While general stability in read density within most sublineages was observed across species, exceptions to this pattern were found, most notably for three gypsy sublineages (sublineages A, C, and X1) and a single copia sublineage (sublineage 1). These exceptions were marked by higher read densities for species with larger genome size estimates, and were most apparent for H. agrestis and P. tenuifolius. These patterns likely reflect recent and lineage-specific amplifications that have contributed to genome size expansion in these species. Similar patterns have been observed in other plant genera whereby differential abundance of a small number of LTR retrotransposon lineages underlies large genome size differences among species (Hawkins et al. 2006; Piegu et al. 2006; El Baidouri and Panaud 2013). Interestingly, representative elements for two of the abundant gypsy sublineages (i.e., RLG-iketas and RLG-wimu) and copia sublineage 1 (RLC-amov, RLC-jiliwu) (see Figure 2, A and B, respectively) also display signatures of recent insertional activity in the common sunflower (H. annuus) genome, indicating potential widespread activity throughout the genus.

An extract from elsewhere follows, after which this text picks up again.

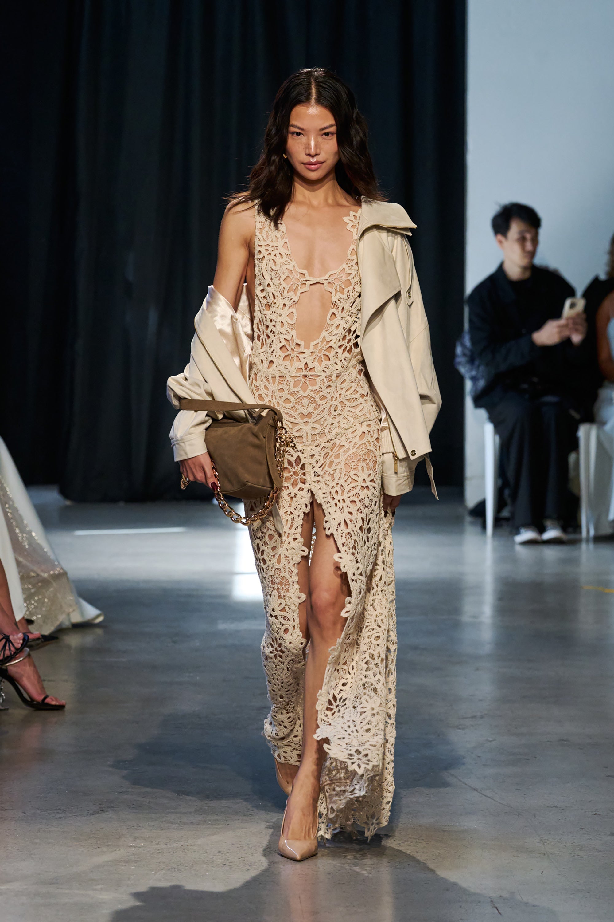 Symetrical crochet dress with center slit and cutout. Styled with off white suede jacket

Developing appropriate methods for meaningful comparisons of TE content and abundance across species genomes has become increasingly necessary as NGS technologies continue to improve and costs continue to decline. The graph-based clustering approach of short-read Illumina data combined with sequence information from a TE reference panel proved effective for interspecific analyses of sublineage identification and sequence densities in Helianthus, and provides a useful method when TE reference panels are available. A potential complicating factor of this method is that, due to sequence divergence among genomes, fewer sequence reads and/or sublineages might be identified in interspecific comparisons as genetic distance increases from the TE reference panel. To explore this possibility, we tested whether the density of species-specific Illumina reads clustering with gypsy and copia tracer sequences decreased with increasing genetic distance from the H. annuus-derived TE reference panel. We failed to find such a negative correlation (Figure S2A). Interestingly, however, a negative correlation was observed when the LTR retrotransposon panel was used as a reference in a read-mapping based approach (Figure S2B). This negative correlation persisted when mapping stringency was relaxed and greater numbers of mismatches allowed. Interspecific read-mapping to quantify TE abundances has been problematic in other species groups as well (Sveinsson et al. 2013), and generally should be avoided.

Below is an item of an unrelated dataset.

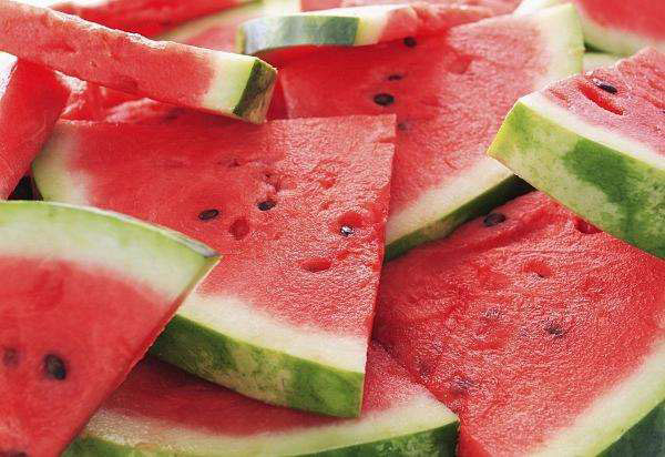 1、西瓜。夏天最适宜吃西瓜,不但可解暑热、发汗多,还可以补充水分,号称夏季瓜果之王。西瓜瓜瓤部分的94%是水分,还有糖、维生素、多种氨基酸以及少量的无机盐,这些物质最能在高温时节有效地补充人体所需的水分和营养;其次,所摄入的水分和无机盐通过代谢成小便,还能带走多余的热量,达到清暑益气的作用。

Transcriptional activity of gypsy and copia
Transcriptional activity of both gypsy and copia elements has been documented previously in both cultivated (Vukich et al. 2009; Gill et al. 2014) and wild (Kawakami et al. 2011; Kawakami et al. 2014; Ungerer and Kawakami 2013; Renaut et al. 2014) sunflowers. In the current study we confirmed expression of these elements in two species (H. annuus and H. anomalus) and demonstrate that transcriptional activity occurs broadly across the genus. Transcriptionally active elements documented in the current study represent the same variants associated with genome expansion events documented in three sunflower homoploid hybrid species (Ungerer et al. 2006; Kawakami et al. 2010).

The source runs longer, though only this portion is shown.